Young Hackney writer lights up thriller genre

StreetFeast Dalston Hackney London E8 280913 © david.altheer@gmail.com
While the white folk relax, as here at Street Feast in Dalston, and other hipster venues, wayward youngsters are out in the night, seeking adventure... and danger
Patrice Lawrence (supplied)
Patrice Lawrence: always writing

A YOUNG HACKNEY mother has just had her first novel picked up by a major publisher.

Last Man Standing is to be published by Hodder next year 2016 as part of a two-book deal for the care-charity worker.

Her agent, Caroline Sheldon, said: “Patrice Lawrence, a writer of Caribbean heritage, brilliantly captures the mores of modern-day Hackney as her hero, Marlon, is caught up in a spiralling series of events that catapults him out of his role of well-behaved, conscientious schoolboy.”

Lawrence, who has previously written two children’s stories, Granny Ting Ting and Wild Papa Woods, told Loving Dalston: “I am really interested in what would make someone very moral start behaving in ways that are not moral.

Born in Brighton, she moved in 1997 to Hackney, where she feels “both a tourist and a resident”.

She said: “I really enjoy writing about places that I know well.

“A recent stabbing in Homerton High Street made it to only about page 19 of The Guardian… unless the story involves a girl, or a bystander, it seems that this behaviour can become normalised.

“But what enables one young person to plant a knife in another? I know many parents, of all ethnicities, who worry that in spite of everything they do, their sons will get sucked into a harmful lifestyle.

“I also know young men who have.”

Lawrence, who is married and has a teenage daughter, writes whenever she can… on a laptop in a spare room, in a notebook on the bus or even “on the back of conference papers if a speaker’s going on a bit”.

When she wants to escape her urban environment, she pops along to her gardening allotment by the River Lea. “I go there not to think,” she said.

She started writing her novel four years ago, making five or six drafts before she showed the agent the 90,000 or so words she eventually felt happy with.
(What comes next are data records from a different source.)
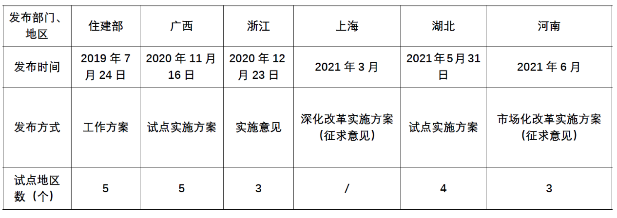 2020年7月24日,住房和城鄉(xiāng)建部辦公廳印發(fā)關(guān)于工程造價(jià)改革工作方案的通知(建辦標(biāo)〔2020〕38號(hào),以下簡稱38號(hào)文),通知決定在北京市、浙江省、湖北省、廣東省、廣西壯族自治區(qū)等五個(gè)地區(qū)開展方案試點(diǎn)工作。截至本稿起筆日(2021.6.3),廣西、浙江和湖北等三個(gè)試點(diǎn)地區(qū)相繼發(fā)布有關(guān)方案通知,北京、廣東尚未見官方相關(guān)信息。五個(gè)試點(diǎn)城市外,上海、河南等地的方案在征求意見中。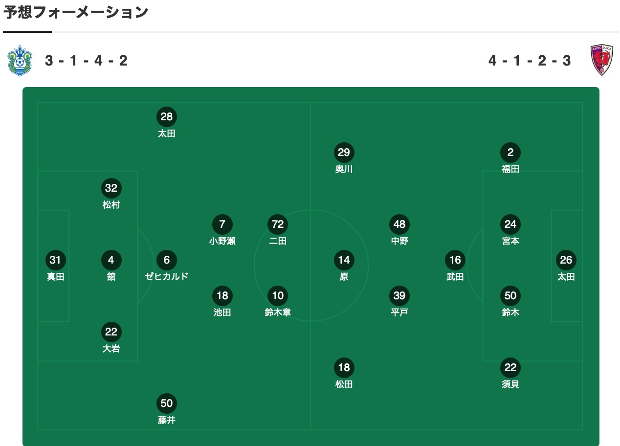 京都不死鸟上轮主场1-1与川崎前锋战平,最近的5轮只取得了一场胜利在积分榜上与榜首的鹿岛鹿角差距达到了5分,不过本轮鹿岛鹿角与神户胜利船战平,球队也是得到了缩小积分差距的机会,阵容上中场米本拓司继续因伤缺席,主力中场福岡慎平、主力前锋埃利亚斯、替补平賀大空出战有一定疑问。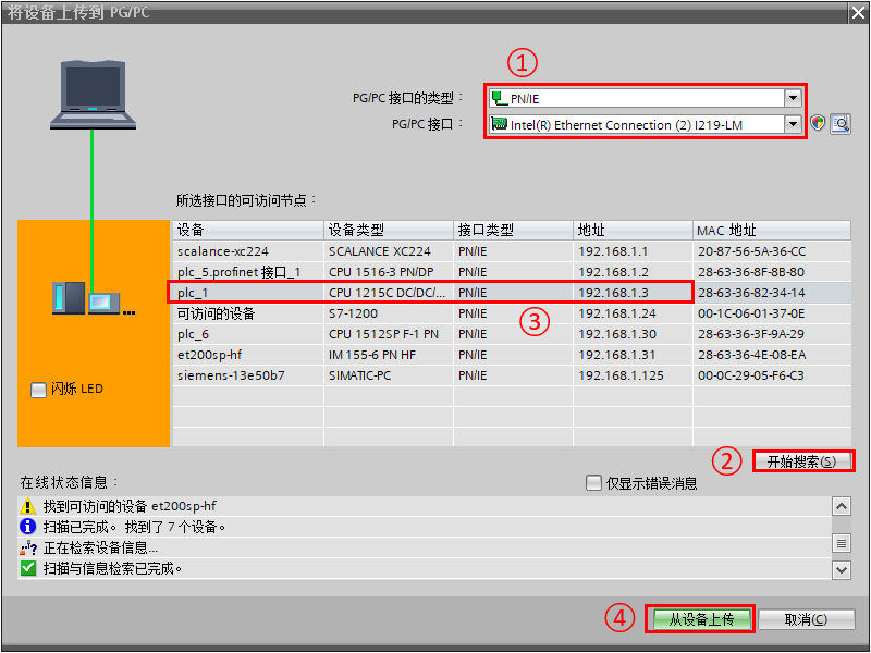 2、在“将设备上传到 PG/PC”对话框中执行以下操作

The agent did more editing and then it was ready to be offered to publishers, among them Hodder Children’s Books.

Emma Goldhawk, of Hodder, said: “I knew I wanted to acquire Last Man Standing before I’d finished the first chapter.”

Lawrence has always loved English and had great encouragement from secondary-school teachers “Mr Gallichan and Mr Travett”.

What would she say to writers seeking publication?

“Read, read, read, and just write because you love it.

“If you want to be published traditionally, enter competitions and attend events where you can meet agents and get feedback.”